APELAÇÃO CÍVEL. AÇÃO DE EXECUÇÃO DE TÍTULO EXTRAJUDICIAL. INTIMAÇÃO DO CAUSÍDICO PARA MANIFESTAÇÃO. INÉRCIA. CIENTIFICAÇÃO DA PARTE AUTORA PESSOALMENTE PARA DAR PROSSEGUIMENTO AO FEITO. ORDEM NÃO ATENDIDA. EXTINÇÃO DO FEITO (ART. 485, III, DO CPC). INSURGÊNCIA DO EXEQUENTE. ALEGADA FALTA DE INDICAÇÃO DA ADVERTÊNCIA DE EXTINÇÃO NA INTIMAÇÃO PESSOAL DO EXEQUENTE. ACOLHIMENTO. APLICAÇÃO DO § 1º DO ART. 485 DO CPC. NECESSIDADE DA DUPLA INTIMAÇÃO PARA CARACTERIZAR O ABANDONO DA CAUSA (ADVOGADO E PARTE) COM INDICAÇÃO DA PENALIDADE, EM CASO DE NÃO MANIFESTAÇÃO. ADVERTÊNCIA AUSENTE NO ATO DIRIGIDO AO CREDOR. OBSERVAÇÃO ACERCA DA EXTINÇÃO QUE DEVE CONSTAR TANTO NA INTIMAÇÃO PESSOAL DA PARTE AUTORA QUANTO NAQUELA DIRIGIDA AO SEU ADVOGADO. DECISUM ANULADO. RECURSO CONHECIDO E PROVIDO, COM RETORNO DOS AUTOS À ORIGEM. (Apelação n. 0000330- 73.2009.8.24.0119, do Tribunal de Justiça de Santa Catarina, rel. Newton Varella Junior, Sexta Câmara de Direito Comercial, j. 3-8-2023)
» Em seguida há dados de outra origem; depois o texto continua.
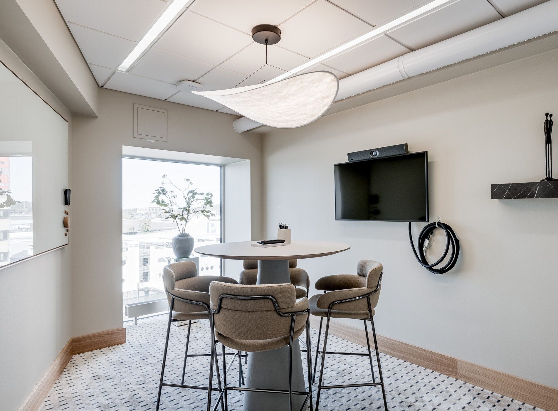 Ljusinsläpp från golv till tak i ett rum perfekt för det lilla mötet. Möblerat med runt bord och stolar.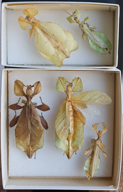 “Leaf insects” (a lineage of tropical walking sticks). These remarkable Phasmida are found in rainforest canopies of tropical Asia. Included in this group are some newly described specimens from the Philippines. The other are from New Guinea and the Seychelles. ANSP Entomology Department.

Portanto, não foi observado o devido processo legal, em razão da ausência de intimação acerca da necessidade do impulsionamento do processo, com as advertências legais sobre a sua inércia, o que impossibilita a extinção por negligência prevista no art.485, II, do CPC c/c § 1º do referido artigo.”

De fato, verifica-se MM. Juiz a quo determinou “a intimação dos impetrantes pessoalmente para, no prazo de 05 (cinco) dias, demonstrar interesse no feito, oportunidade em que deverão manifestar e informar acerca da concretização de suas convocações, possíveis nomeações e o que entender de direito a respeito do objeto da presente ação”.

Compulsando os autos verifica-se que não houve efetivação das intimações, conforme Certidões Ids nºs: 15158697/15158698/15158699/15158700/15158701/15158702/15158703/15158704/15158705.

Não bastasse a não efetivação da intimação determinada pelo MM. Juiz a quo, tem-se que, mesmo que hipoteticamente se considere tal ato processual, a não manifestação pelos Impetrantes não teria o condão de provocar a extinção do feito, produzindo tão somente o reconhecimento tácito da veracidade dos documentos apresentados pelo Município, mesmo porque não houve a devida advertência legal sobre as consequências da inércia.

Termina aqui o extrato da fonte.